ECS Cluster Auto-scaling Best Practices
Understanding ECS Cluster Scaling
Effective auto-scaling for ECS clusters requires understanding the relationship between container requirements and instance capacity. The key is to scale based on resource utilization rather than arbitrary cluster size.
Calculating the Optimal Scaling Threshold
The formula for determining when to scale your ECS cluster is:
Threshold = (1 - max(Container Reservation) / Total Capacity of a Single Container Instance) * 100
Example Calculation:
Assume you have:
- Container instance capacity: 2048 MB RAM
- Maximum container reservation: 512 MB RAM
Threshold = (1 - 512 / 2048) * 100
Threshold = (1 - 0.25) * 100
Threshold = 75%
This means you should set your auto-scaling policy to add capacity when the cluster’s memory reservation exceeds 75%.

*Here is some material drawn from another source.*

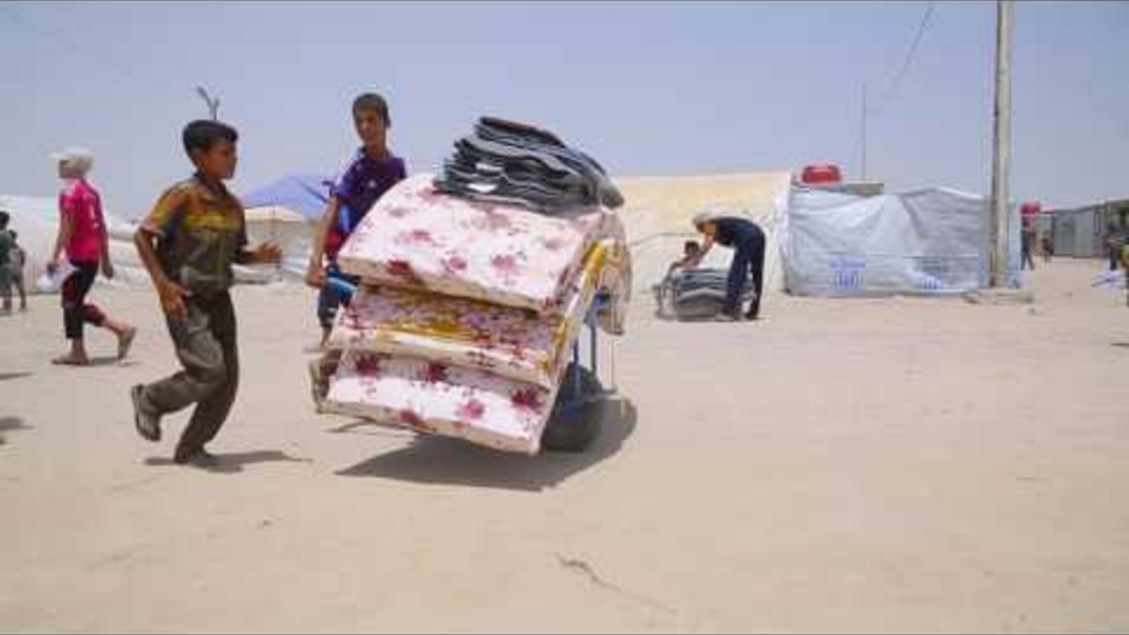 Families struggle in heat and dust of Iraqi desert camp
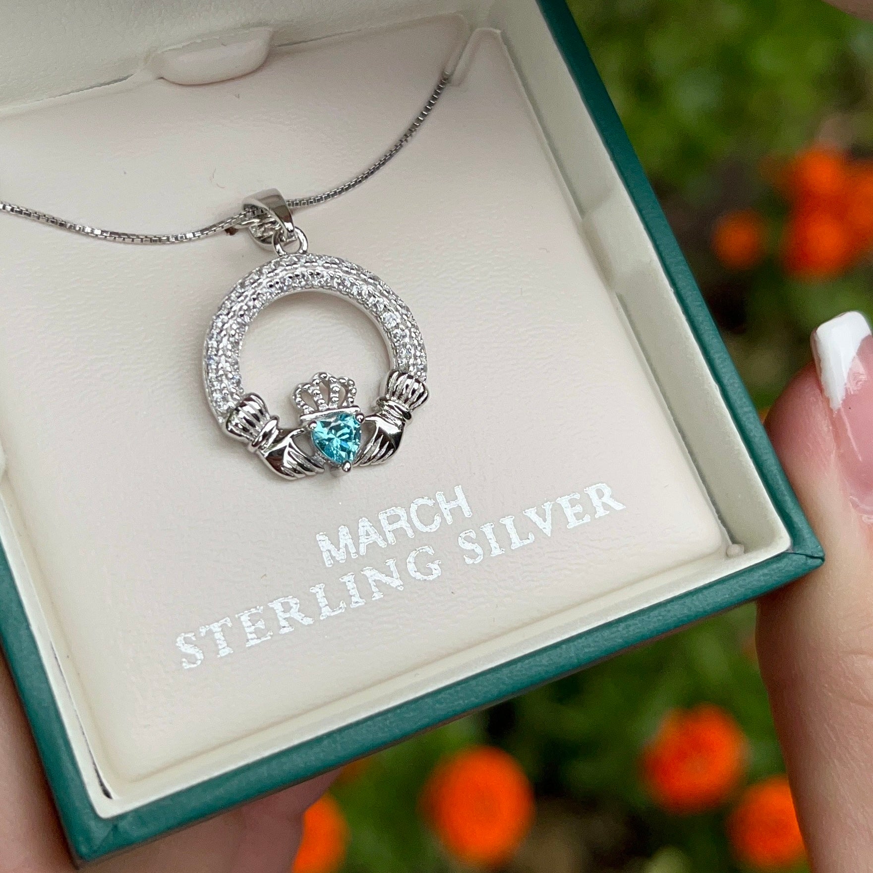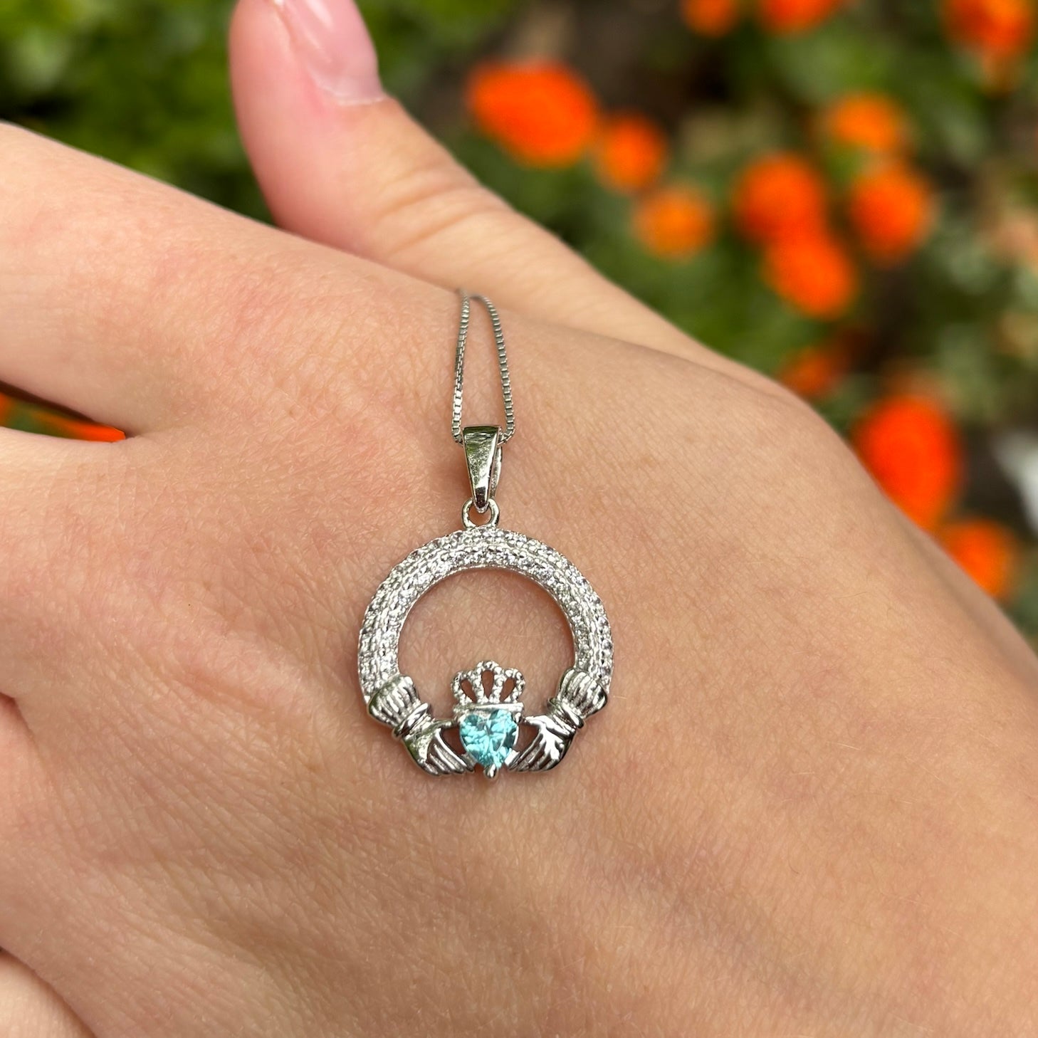 March Birthstone Aquamarine Silver Claddagh Pendant

Comprehensive Scaling Approach
-
Calculate thresholds for both memory and CPU:
- Memory threshold as shown above
- CPU threshold using the same formula with CPU units
-
Use the lower of the two thresholds:
- This ensures you scale before either resource becomes a bottleneck
-
Configure CloudWatch alarms:
- Set alarms based on `MemoryReservation` and `CPUReservation` metrics
- Use the calculated thresholds as alarm triggers
-
Set appropriate scaling policies:
- Scale out quickly (add instances when threshold is reached)
- Scale in conservatively (remove instances when utilization is low for a sustained period)
For a detailed walkthrough of this approach, see Docker on ECS: Scale your cluster automatically.
ECS Container Instance Troubleshooting
Common Issue: Containers Terminated During Startup
One frequent problem with ECS containers, especially for Java applications, is containers being marked unhealthy and terminated before they fully initialize.
Root Cause Analysis
This typically happens because:
- Inadequate Health Check Configuration: Health checks begin too soon after container startup
- Long Application Startup Time: Applications with significant initialization time (like JVM-based applications) need more time before they can respond to health checks
- Mismatched Timing Parameters: The health check interval and threshold settings don’t accommodate the application’s startup characteristics
Solution Strategies
-
Adjust Health Check Settings:
- Increase the `healthCheckGracePeriodSeconds` in your ECS service definition
- For Java applications, consider values of 60-120 seconds or more
-
Optimize Application Startup:
- Implement a quick-responding health endpoint that returns healthy before full initialization
- Consider using Spring Boot’s health indicators with separate readiness/liveness probes
-
Task Definition Improvements:
- Use the `startPeriod` parameter in container health checks to provide initialization time
- Increase `interval` between health checks
- Adjust `retries` to allow more failed health checks before marking unhealthy
Example Task Definition with Optimized Health Check
"healthCheck": {
"command": ["CMD-SHELL", "curl -f http://localhost:8080/health || exit 1"],
"interval": 30,
"timeout": 5,
"retries": 3,
"startPeriod": 120
}
The `startPeriod` of 120 seconds gives the JVM and application time to initialize before health checks begin counting toward the healthy/unhealthy status.